In a clinical study of patients with CRC, prebiotic supplementation significantly increased IgG and IgM levels preoperatively [35]. However, postoperatively the supplementation enhanced the levels of IgG, IgA, total B lymphocytes (CD19+), and suppressor/cytotoxic T cells (CD3+CD8+). The use of prebiotics increased the level of transferrin, which relieved the inflammatory reaction of the body. The authors of this study concluded that prebiotic intake is recommended to improve serum immunologic indicators in patients with CRC a week before operation [35].
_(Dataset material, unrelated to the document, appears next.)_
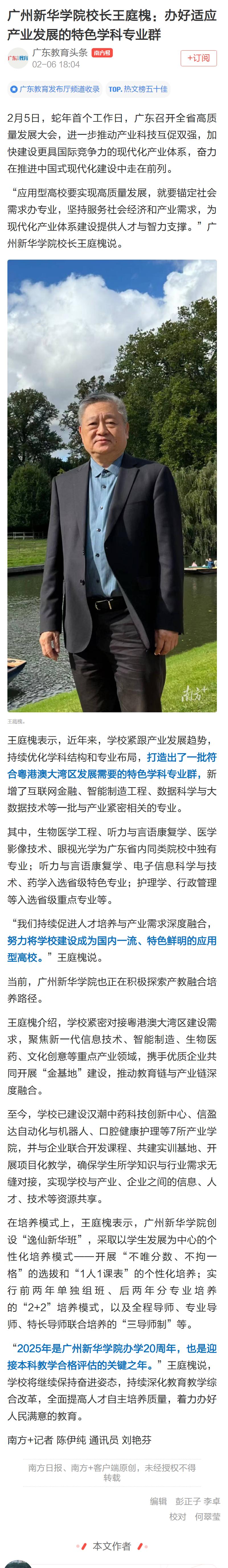 王庭槐介绍,学校紧密对接粤港澳大湾区建设需求,聚焦新一代信息技术、智能制造、生物医药、文化创意等重点产业领域,携手优质企业共同开展“金基地”建设,推动教育链与产业链深度融合。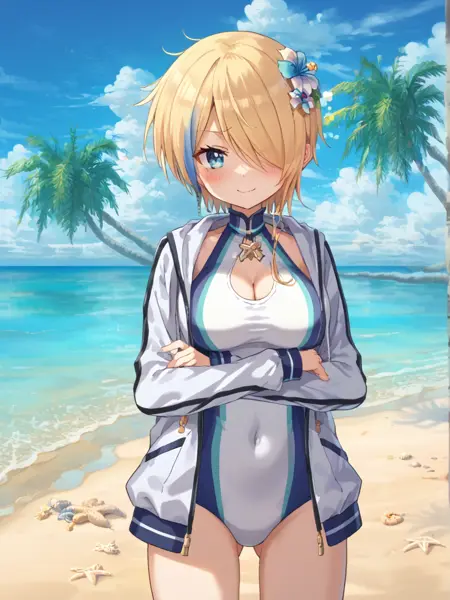 Prompt Sea: 1girl, solo, looking at viewer, smile, blush, short hair, blue eyes, blonde hair, long sleeves, hair ornament, hair flower, medium breasts, cleavage, hair over one eye, asymmetrical hair, white jacket, open jacket, white swimsuit, one-piece swimsuit, white one-piece swimsuit, covered navel, flower, blue flower, outdoors, sky, day, blue sky, cloudy sky, cloud, water, ocean, beach, sand, palm tree, tree, shell, starfish, seashell, hand on own hip, crossed arms, outfit2, ornaments, large breasts, outfit2

Moreover, NVPS could activate macrophages in vitro to suppress colorectal cancer [87]. The mushroom Ganoderma lucidum (Lingzhi) polysaccharides (GLP), along with saponins extracted from Gynostemma pentaphyllum (GpS), an herbal tea, clearly improved the inflamed gut barrier of mice. This effect is mediated via reducing polyps, shifting colonic M1 to M2 macrophages, positively reverting E-cadherin/N-cadherin ratio, and down regulating oncogenic signaling molecules [23].

4. Conclusions

The use of prebiotics is a promising therapy strategy which is safe in different clinical settings. High fiber supplementation including prebiotics modifies a microbiota community significantly, increases SCFA-producing bacteria, amplifies functional pathways related to SCFA, and raises the levels of SCFA metabolites. Notably, most studies have shown that an increase in SCFAs is relevant to a significant decrease in tumor loads. Benefits from consumption of prebiotics include antimicrobial activities against gut pathogens, modulation of the immune system, reducing gut inflammation and colitis, prevention of CRC, gut homeostasis, and regulation of the host energy metabolism. Future prospects indicate that the intestinal microbiota can be enriched and regulated by the addition of prebiotics into the diet, with special emphasis on biologically active compounds existing in foods of plant origin and that can mitigate or attenuate the CRC development.